Savory beef & broccoli with tangy hot & sour soup and flavorful lo mein – an energy-giving trio!
A quick and healthy lunch featuring tender strips of lean beef and crisp broccoli florets in a savory garlic-ginger sauce, served over a bed of wholesome brown rice.
This chinese_american dish is perfect for lunch. With 541.22 calories and 40.330000000000005g of protein per serving, it's a high_protein, high_fiber, heart_healthy, weight_loss option for your meal plan.
Prepare Broccoli and Sauce
Sear the Beef
Stir-fry Aromatics and Broccoli
Combine and Thicken Sauce
Serve
Place the brown rice in a fine-mesh sieve. Rinse thoroughly under cold running water for about 1-2 minutes, or until the water runs clear. Drain completely. This step is crucial for removing excess surface starch, which ensures fluffy, separate grains.

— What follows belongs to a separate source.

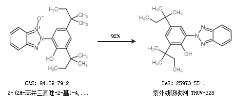 1.通过2-(2H-苯并三氮唑-2-基)-4,6-双(叔戊基)苯酚 N-氧化物合成紫外线吸收剂 THUV-328,收率约92%;

In a medium saucepan with a heavy bottom and a tight-fitting lid, combine the rinsed rice, water, salt, and olive oil (if using).
Bring the mixture to a rolling boil over high heat. Once it's boiling, give the rice one quick stir to prevent it from sticking to the bottom.
Immediately reduce the heat to the lowest possible setting. Cover the saucepan with the lid and let it simmer gently for 40 minutes. It is very important not to lift the lid during this time, as the trapped steam is what cooks the rice.
After 40 minutes, remove the saucepan from the heat but keep the lid on. Let it stand undisturbed for another 10 minutes. This resting period allows the grains to absorb any remaining moisture and firm up.
Finally, remove the lid and gently fluff the rice with a fork to separate the grains. Serve warm.